端坐神轿的神明彷彿答应扛轿之人更换似的,上下剧烈起伏。
夏侯凌将纯鉤剑往地上一插,就随着曲道长奔到神轿旁。忽地,双眼微闔的轿夫猛然鬆手,神轿也腾空飞起,他们俩同时跳了上去,一人抓住一侧,斜斜朝厉鬼飞驰而去。
舒道士见状,深知这两位见义勇为的道士道行比自己高出许多,于是退到一旁,继续带领着众人在百人冢驱鬼。房道长见到有人出手相助了,才忙地施法箝住一般的孤魂野鬼,避免后患无穷。
也因为夏侯凌有法术,体质异于常人,前两天更是怀着善念帮镇民破解法术,也帮箝魂解脱被困之苦,因此神明同意由他扶轿。再加上修行数十年的曲道士施法,剎时神轿彷若神明在人间现身,以狂怒之姿扑向厉鬼。齐敬也挥舞着盪魂剑,大展法术,打算为民除害。
剎那间,阴寒的狂风滚滚怒吹,盪的众人冷冽难耐,黑令旗也是狂乱地大肆摆盪。尤其一道道半透明的“人影”,在狂肆的牛角声中于八方捲绕,不时扬起痛苦扭曲的脸孔,双手恐慌地在空中抓扯,隐约可听见的尖刺嘶喊声不时在空中迴盪。每个人都吓得猛打颤,全身酥软,却又不晓得那来力气,猛打着煞魂帚,鏗鏘有力地唸着咒语。

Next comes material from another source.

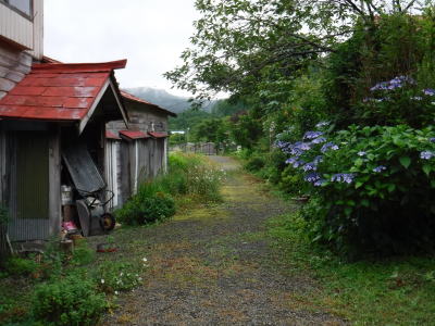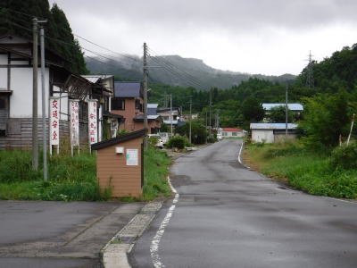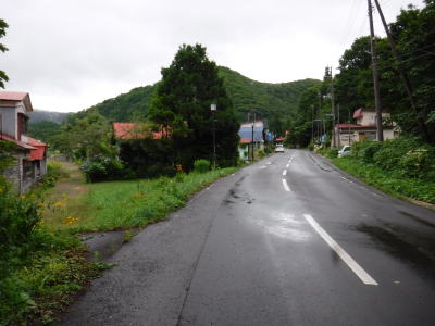 軌道跡はちょっと寂しげな湯野川集落の中を通り、いよいよ山間地帯へ進みます。 |

忽地,一道炽热的红光从神轿朝八方盪了出去,随即飘向厉鬼。已被收去好几条魂魄的厉鬼嘶喊了一声,狂乱地四处奔跑,然而红光的速度比他还要快,没一下子就将他团团笼罩住。而且这团的光辉逐渐变成绳索的形状,将厉鬼层层綑绑起来。
厉鬼凄厉地吼叫着,更是像僵尸般直挺挺地上下蹦跳,整张脸是再也承受不了痛苦的扭曲变形。他的双手虽然紧紧贴着身体,但是十指彷彿拼命挣脱似的扬起突出的指骨。
神轿朝齐敬上下地摇摆。齐敬手掐诀,唸着咒文,大喝一声,朝厉鬼挥剑砍了下去。盪魂剑的剑刃并没有碰到彭道士身上,但是术法却将他的头颅卸了下来,一道黑气随着鲜血从断颈处喷了出来,神轿也同时飞了起来,不偏不移地挡住黑气,再狠狠狂压下去。齐敬随即拿出索魂绳,掐诀掷了出去,将被压制的黑气綑绑住。他立即往前跃去,用剑尖直刺黑煞之气,夜空中当下传出凄惨沉闷的叫吼声。
终于砍断附身于彭道长身上的所有魂魄了,神轿随即绕了百人冢两圈。齐敬也叫唤舒房两位道长,一起将鬼魂朝西北角驱赶而去。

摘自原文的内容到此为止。